Task> Only the lines from the one containing "ABAIXO: Morte perto" to the end of the data should be copied, exactly and without pictures.

Record extracts>
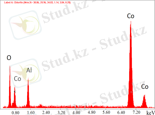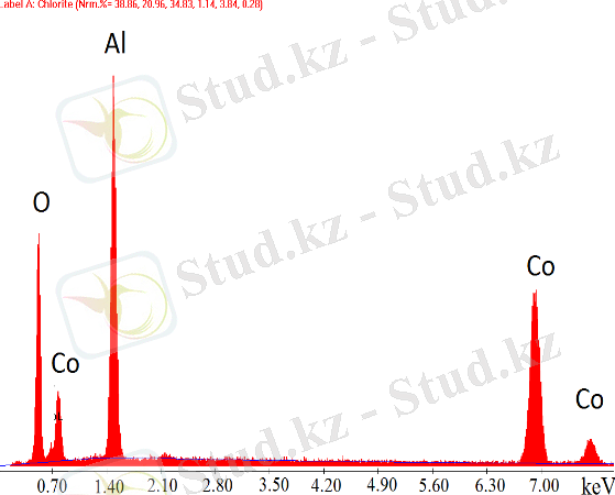 Негізінен, бастапқы қоспада алдын-ала 500°C дейін қыздырылған пеште синтезделіп алынған құрамында 30% және 60% Co(ΝΟ 3 ) 2 бар катализаторлар зерттелді, 16 - 17 - суреттер . Наноөлшемді бөлшектер SCS әдісімен дайындалған катализаторларда анықталды. Сондай-ақ, катализатордың құрамын анықтау үшін EDS талдауы жүргізілді. Зерттеудің нәтижесінде келесі қосылыстардың бар екендігі анықталды: CO 2 O 4 , Co 2 AlO 4 (кубтық), Co x Al y (кубтық), Co 3 O 4 , Al и СоО (кубтық) .
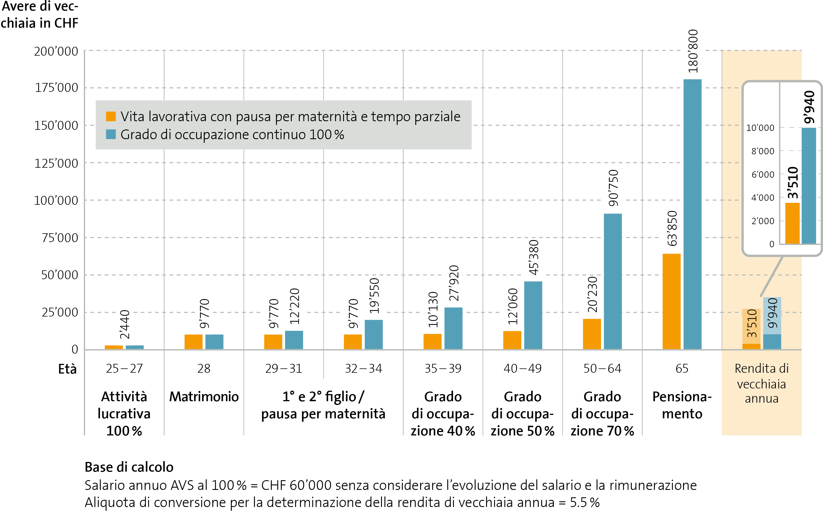 Solo chi svolge un lavoro retribuito può versare i contributi in una cassa pensione per la propria vecchiaia. Se l’attività lavorativa viene interrotta per mesi o anni, in questo periodo mancano non solo il salario, ma anche i contributi alla cassa pensione per la previdenza per la vecchiaia; si creano così lacune previdenziali. Un’interruzione dell’attività lavorativa dovuta a una pausa maternità o al lavoro di cura (ad esempio, assistenza ai genitori anziani) può comportare, al momento del rientro al lavoro, una battuta d’arresto nella carriera e quindi un salario inferiore rispetto a quello precedente. Spesso anche il carico di lavoro è inferiore al momento del reinserimento professionale.
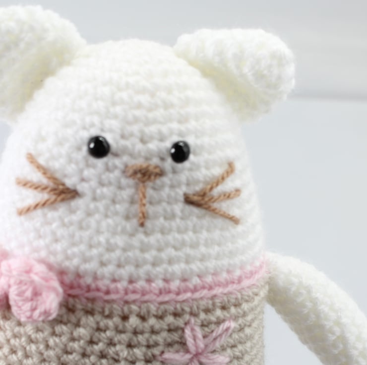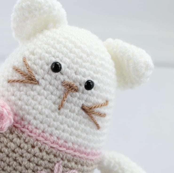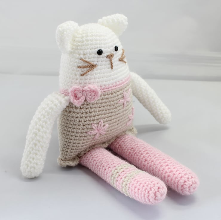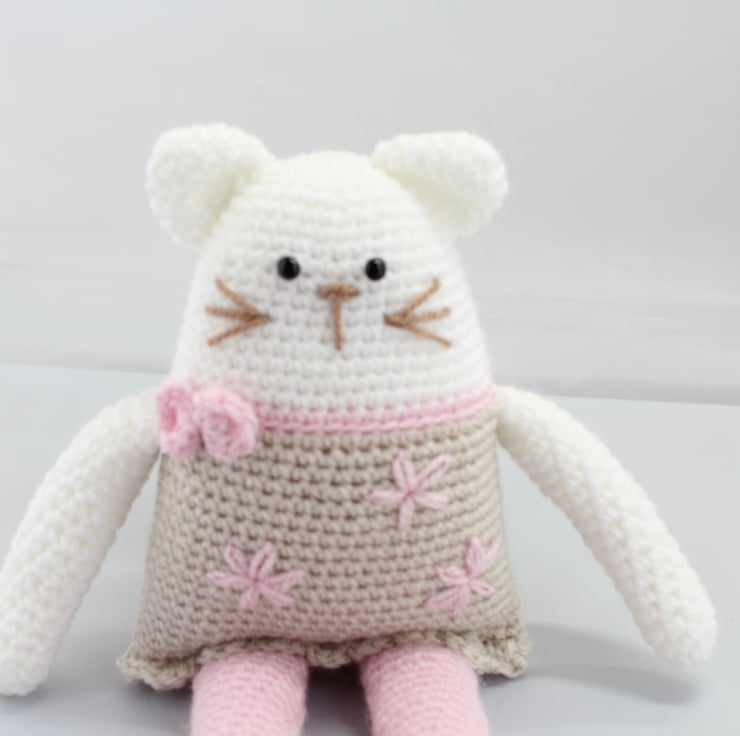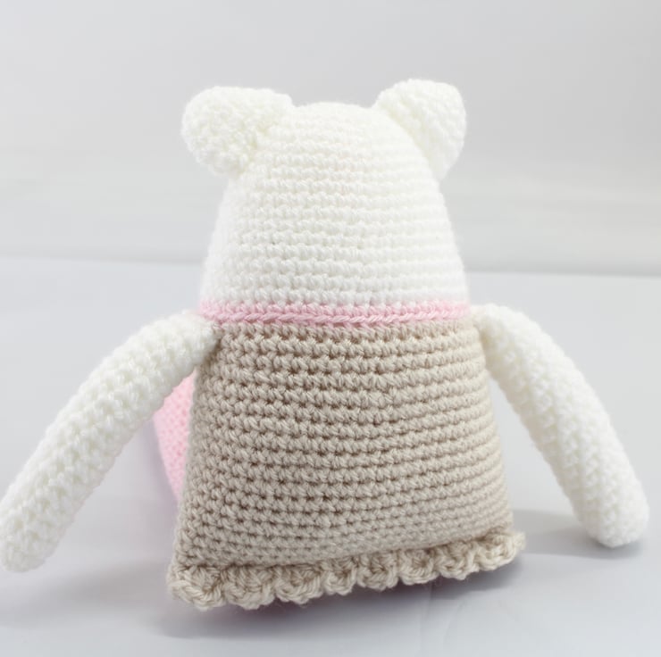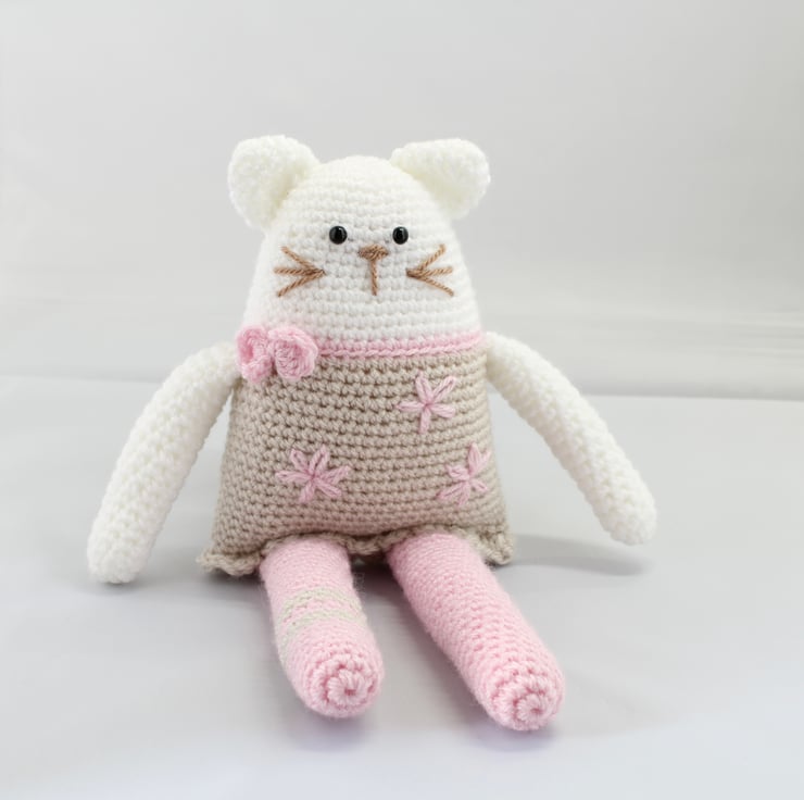 She stands at 30cm from her ear to her toes, she has safety eyes so they can’t be pulled out.
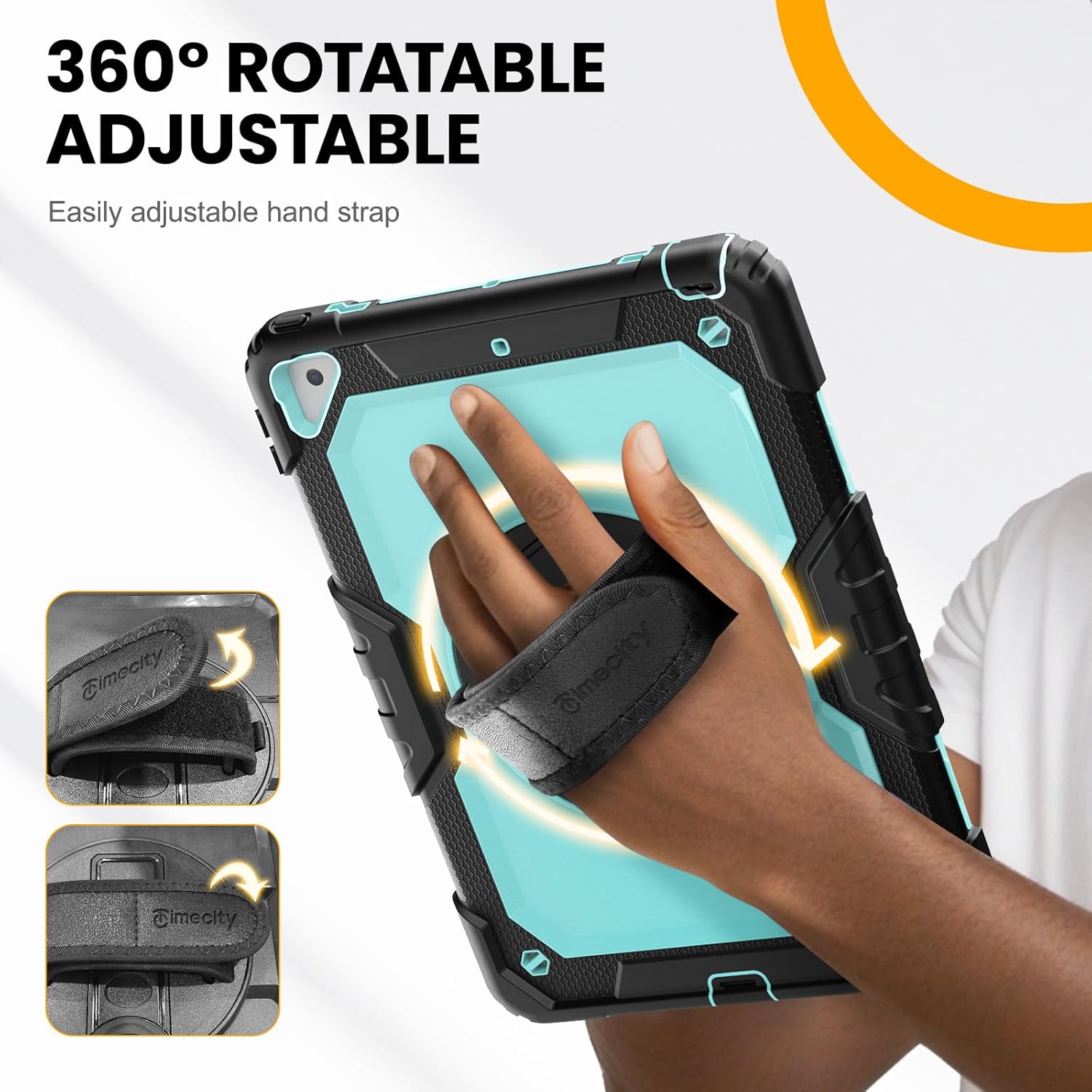 Timecity for iPad Air 3/ Pro 10.5 Inch Case, 360° Rotating Stand, Pencil Holder, Shockproof with Screen Protector & Shoulder Strap - Heavy Duty Protection Case for iPad Air 3rd Gen - Light Blue
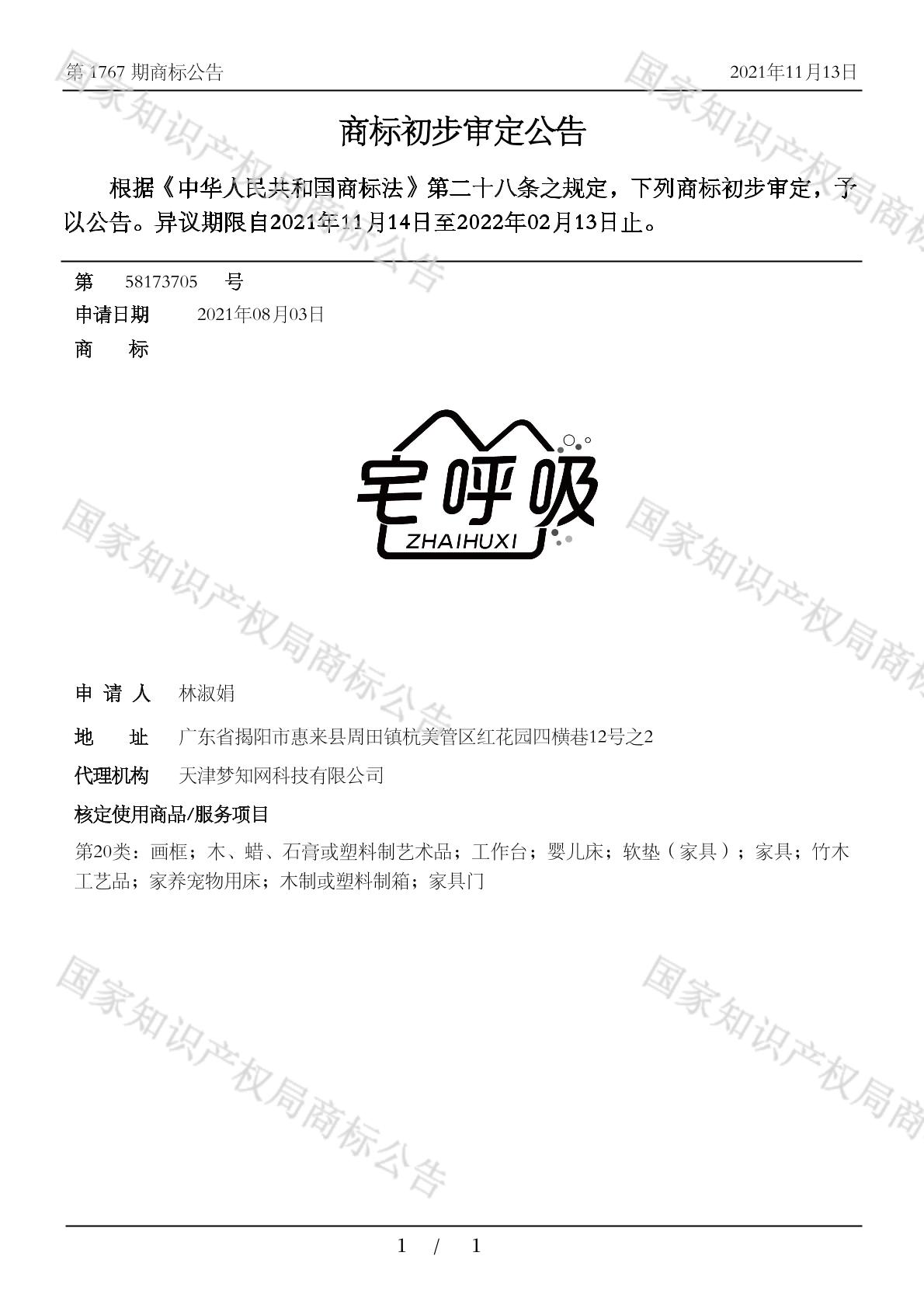 2001-婴儿床;2001-家具;2002-木制或塑料制箱;2003-工作台;2004-画框;2005-竹木工艺品;2006-木、蜡、石膏或塑料制艺术品;2009-家养宠物用床;2012-家具门;2013-软垫(家具) - 1767
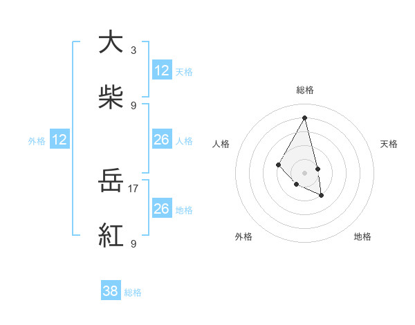 大柴 岳紅さんの総格は38画の4点!
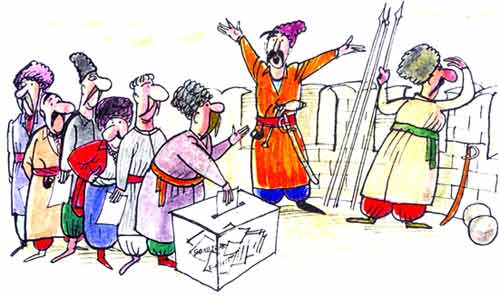 — Постривай! Зараз виберемо наших захисник╕в...
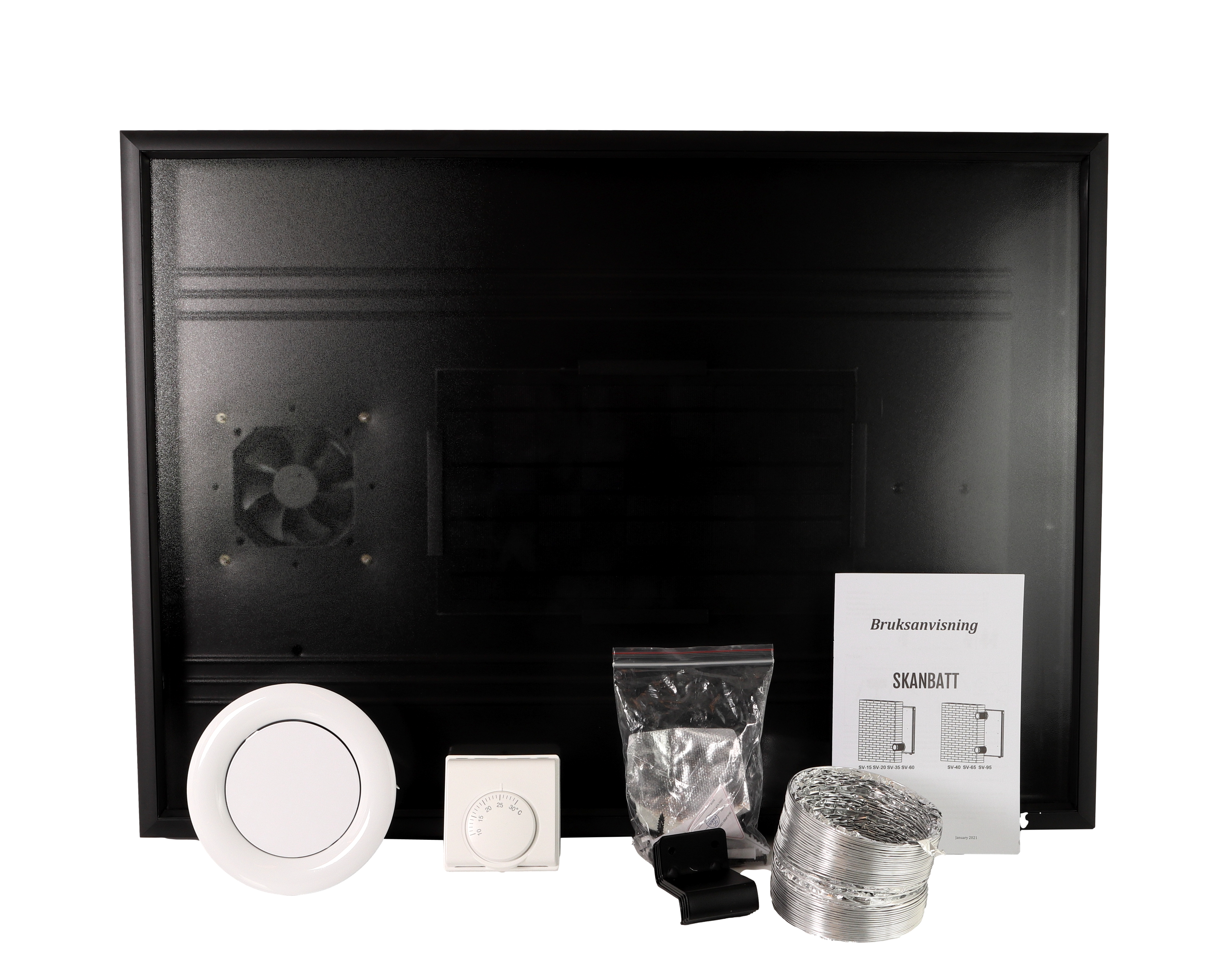 Den friske luften blåser inn gjennom luftinntaket, og den medfølgende termostaten lar deg stille ventilatoren inn på ønsket temperatur.
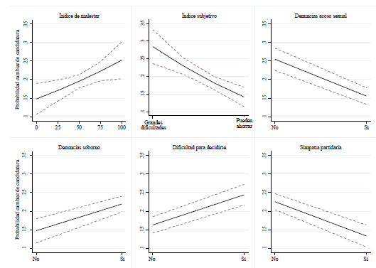 En primer lugar, la probabilidad de cambio en la preferencia del voto incrementa con el malestar social, la dificultad para decidirse y otro factor específico: las denuncias de soborno de una de las candidaturas. Por otra parte, este mismo modelo muestra que la probabilidad de volatilidad en la campaña disminuye conforme aumentan los ingresos de las personas consultadas. También, dicha probabilidad es menor si la ciudadanía posee simpatía partidaria y opina que las denuncias de acoso sexual influyeron en su preferencia (gráfico 6).
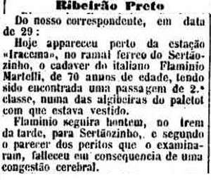 ABAIXO: Morte perto da estação de Iracema (O Estado de S. Paulo, 31/05/1900) |
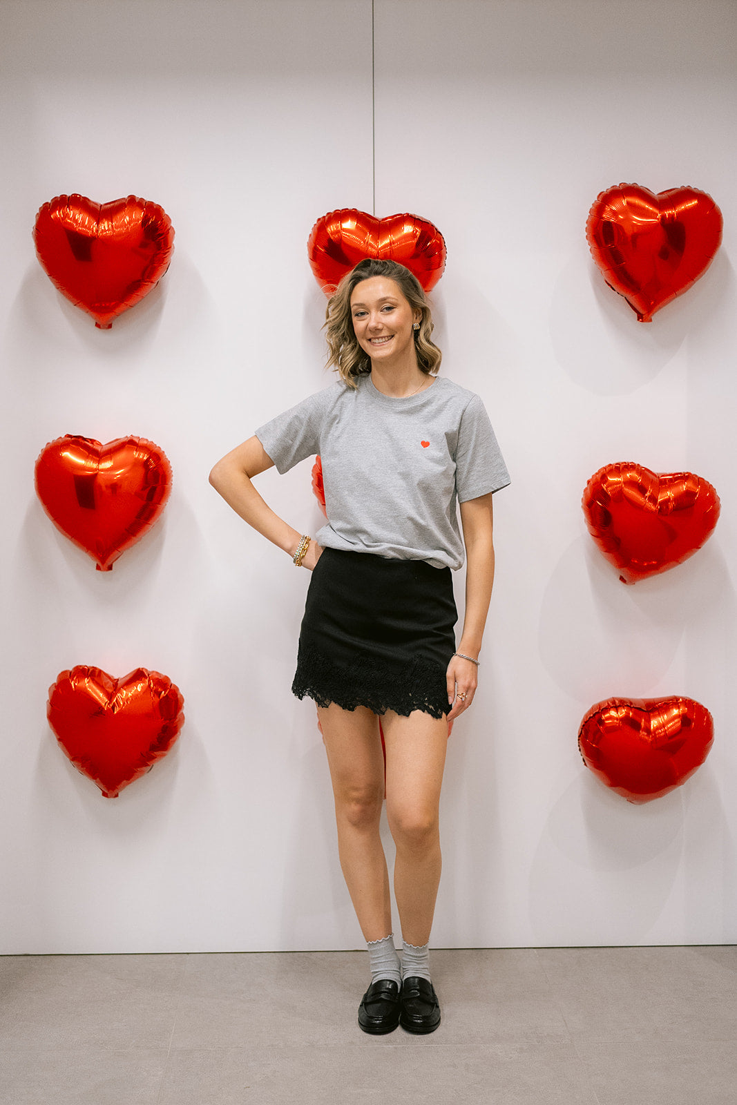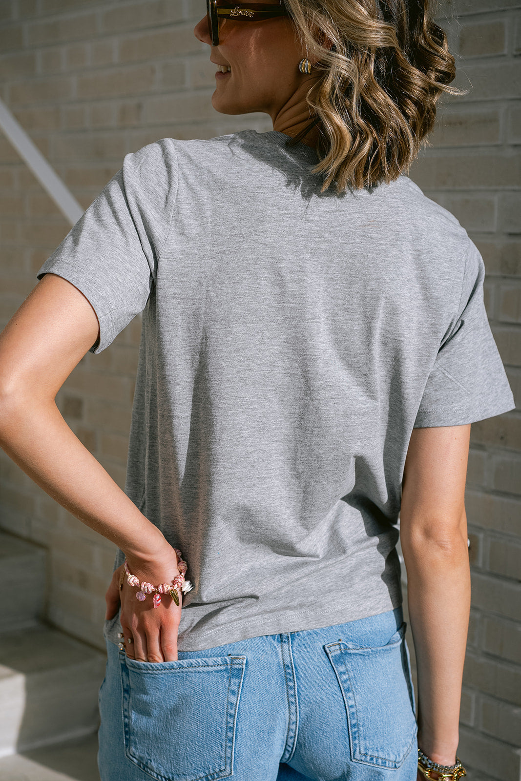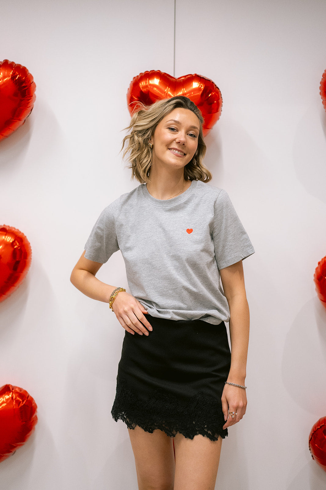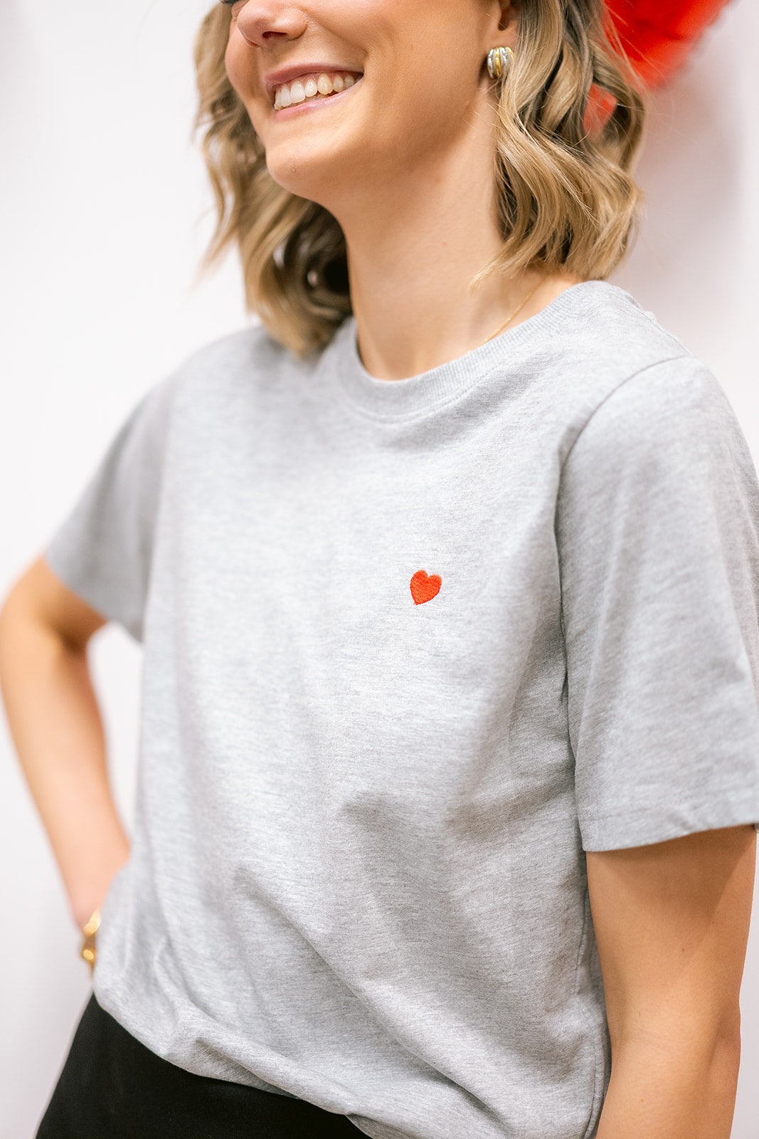 Soft grey tee with a charming red heart on the chest. Classic crew neck keeps things timeless while the heart adds just the right touch of personality to your everyday rotation.

Output for this task>
 ABAIXO: Morte perto da estação de Iracema (O Estado de S. Paulo, 31/05/1900) |
 Soft grey tee with a charming red heart on the chest. Classic crew neck keeps things timeless while the heart adds just the right touch of personality to your everyday rotation.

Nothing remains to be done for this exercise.